----- Supplied information -----

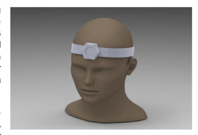
Auracis™ Artist Rendition

Transcutaneous electrical nerve stimulation (TENS) therapy uses low voltage electric impulses to relieve pain. A primary effect of TENS therapy may include "blockade" or "scrambling" of pain signals to the brain. Another
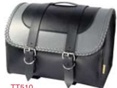
TT510 Max-Pax Tail Trunk
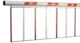
ACG8290B HANGING RACK L=2m Real lenght 1,63m
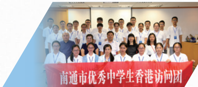
Educational exchange program for students coming from Nantong sponsored by PYI 保華贊助來自南通的學生來港學習交流
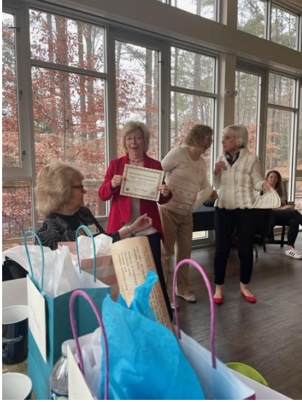
Happy 50th Anniversary Dunwoody Woman's Club
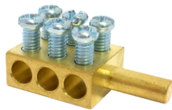
6x 16 mm 2
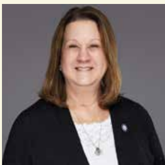
By Bev Romanoff Hoffman Estates Village Clerk
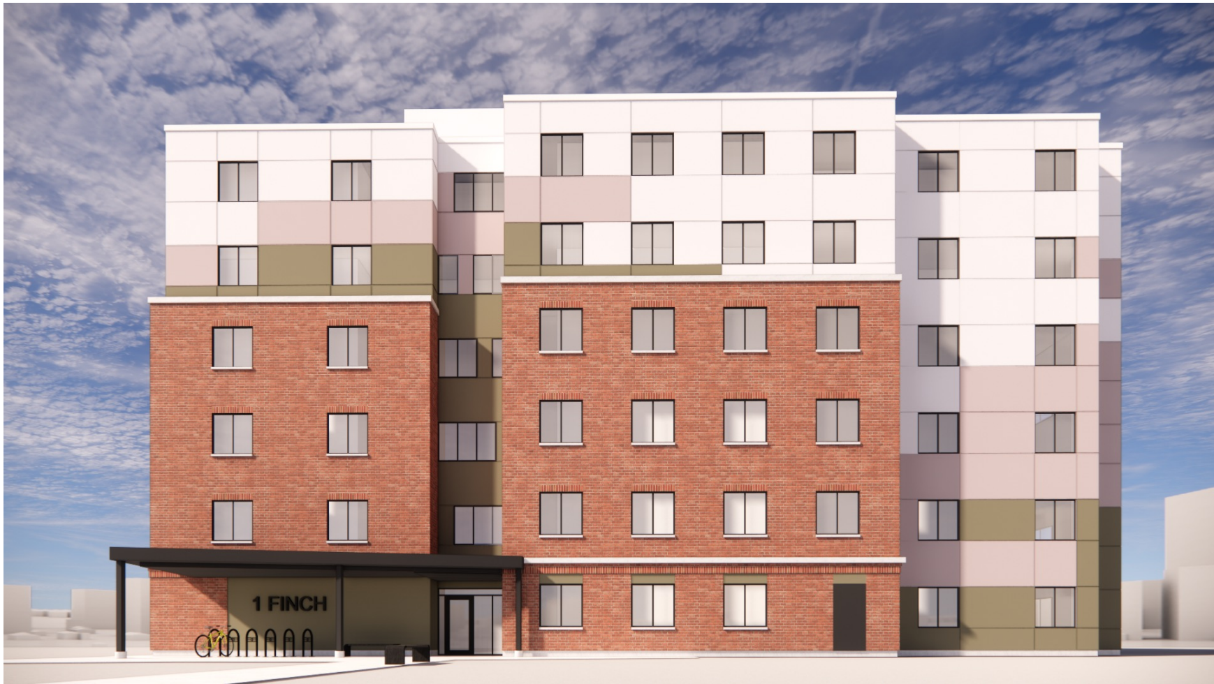
Front Elevation (South-West)
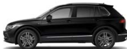
Deep Black Pearl Effect
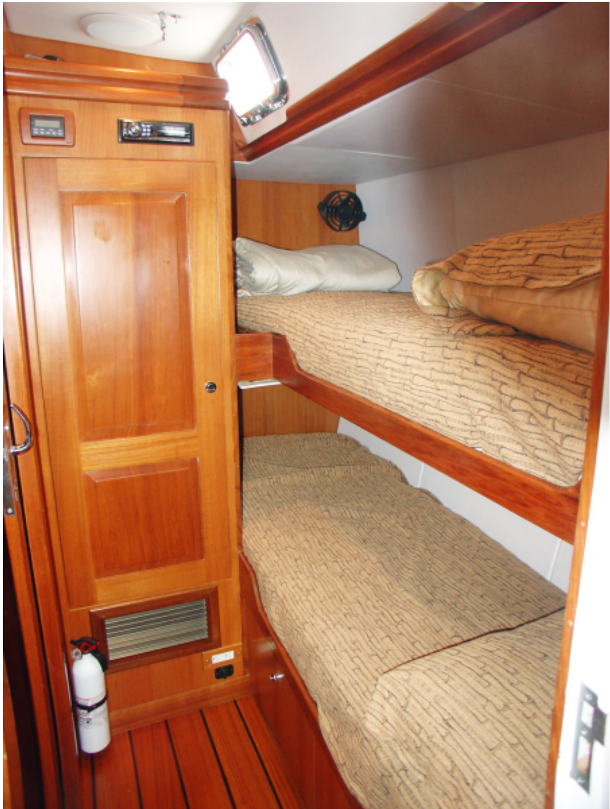
Stbd. Guest or Crew Qtrs.
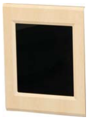
CR-A-DR Credenza Acrylic Door
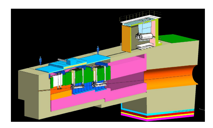
Figure 2: Section of the Target Hall complex and the Decay Pipe.

boundary is about four orders of magnitude below the LBNE related allowed dose of 1mrem/year.
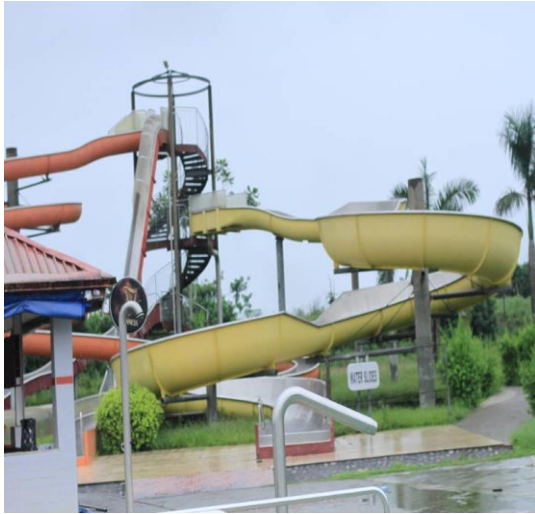
Fig. 3.10: Tinapa Water Slider
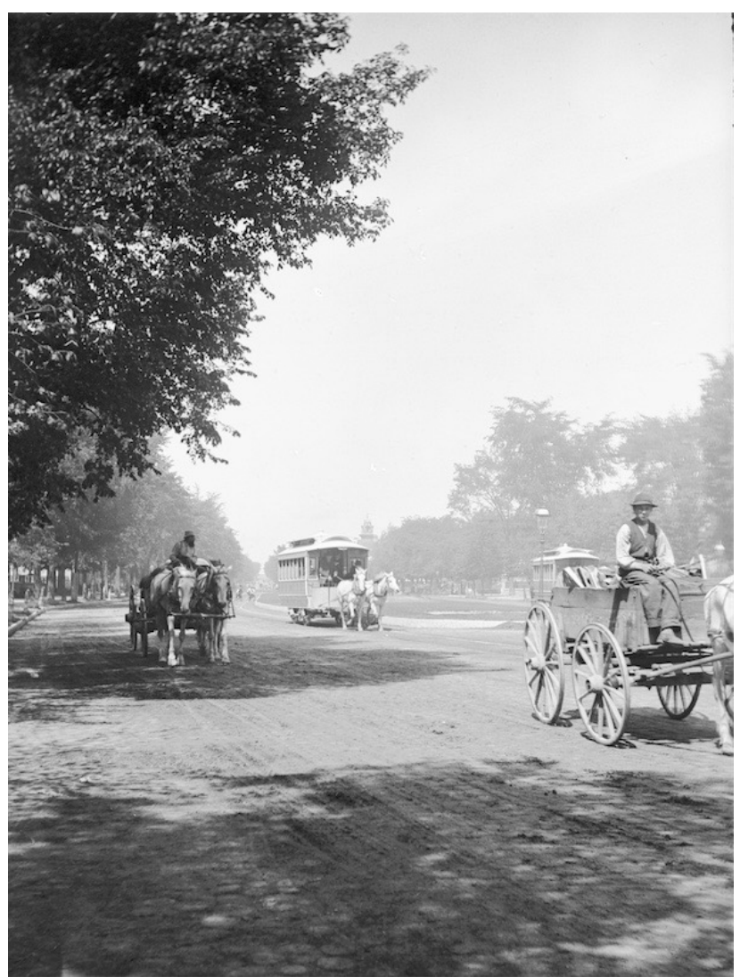
Horse-drawn trolley on Grand Avenue (Wisconsin Avenue) in 1885

The first street railway in the city of Milwaukee was The River and Lakeshore Railway Company, which started operations with two horse-drawn trolley cars in 1860. The River and Lakeshore Company was absorbed by the Milwaukee City Railway Company in 1865.
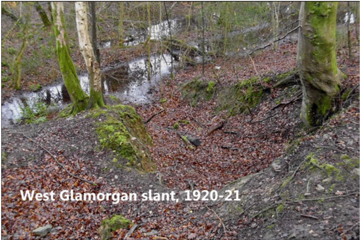
West Glamorgan slant, 1920-21
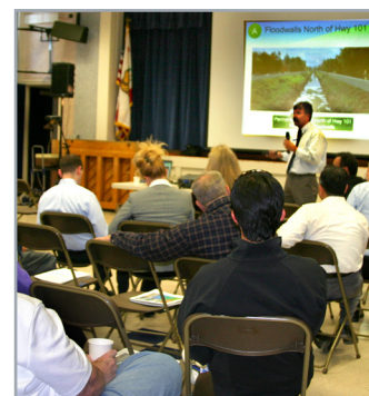
Scoping meeting held in Mountain View. May 16, 2007.

December 9 Mtn. View City Council culminated the master planning process for Cuesta Park Annex with a decision to approve flood detention in the northern portion of the Annex
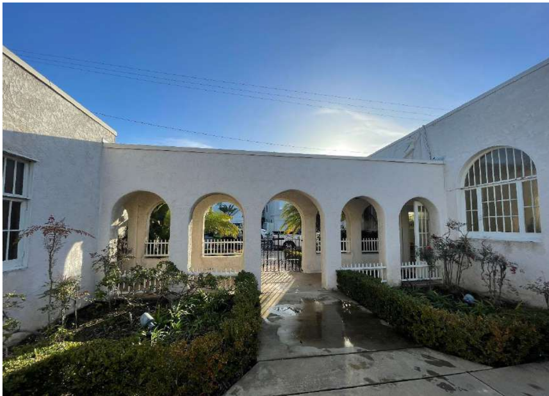
MAIN COURTYARD (looking southwest towards 8 th Street property entrance) Christian Science Reading Room on left , Montessori School on Right
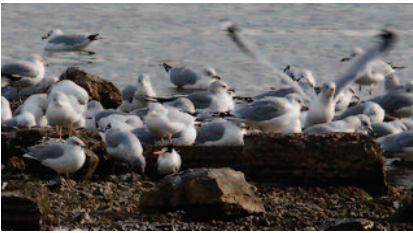
Figure 9. Elegant Tern at bottom foreground on rocky outcrop of Niagara River shoreline, Fort Erie, ON, on 24 November 2013.

The news spread quickly with an immediate alert forwarded to ONT-BIRDS, the Ontario Field Ornithologists internet birding listserv, while texts and cellular calls were made to many birders. Unfortunately, the tern remained for only some 10-12 minutes before flying off the point with numerous gulls (Dave Fidler, pers. comm.).

-----

(Work request)
Every entry above needs to be retyped exactly; drop the pictures.

(Exercise answer)
Auracis™ Artist Rendition

Transcutaneous electrical nerve stimulation (TENS) therapy uses low voltage electric impulses to relieve pain. A primary effect of TENS therapy may include "blockade" or "scrambling" of pain signals to the brain. Another
TT510 Max-Pax Tail Trunk
ACG8290B HANGING RACK L=2m Real lenght 1,63m
Educational exchange program for students coming from Nantong sponsored by PYI 保華贊助來自南通的學生來港學習交流
Happy 50th Anniversary Dunwoody Woman's Club
6x 16 mm 2
By Bev Romanoff Hoffman Estates Village Clerk
Front Elevation (South-West)
Deep Black Pearl Effect
Stbd. Guest or Crew Qtrs.
CR-A-DR Credenza Acrylic Door
Figure 2: Section of the Target Hall complex and the Decay Pipe.

boundary is about four orders of magnitude below the LBNE related allowed dose of 1mrem/year.
Fig. 3.10: Tinapa Water Slider
Horse-drawn trolley on Grand Avenue (Wisconsin Avenue) in 1885

The first street railway in the city of Milwaukee was The River and Lakeshore Railway Company, which started operations with two horse-drawn trolley cars in 1860. The River and Lakeshore Company was absorbed by the Milwaukee City Railway Company in 1865.
West Glamorgan slant, 1920-21
Scoping meeting held in Mountain View. May 16, 2007.

December 9 Mtn. View City Council culminated the master planning process for Cuesta Park Annex with a decision to approve flood detention in the northern portion of the Annex
MAIN COURTYARD (looking southwest towards 8 th Street property entrance) Christian Science Reading Room on left , Montessori School on Right
Figure 9. Elegant Tern at bottom foreground on rocky outcrop of Niagara River shoreline, Fort Erie, ON, on 24 November 2013.

The news spread quickly with an immediate alert forwarded to ONT-BIRDS, the Ontario Field Ornithologists internet birding listserv, while texts and cellular calls were made to many birders. Unfortunately, the tern remained for only some 10-12 minutes before flying off the point with numerous gulls (Dave Fidler, pers. comm.).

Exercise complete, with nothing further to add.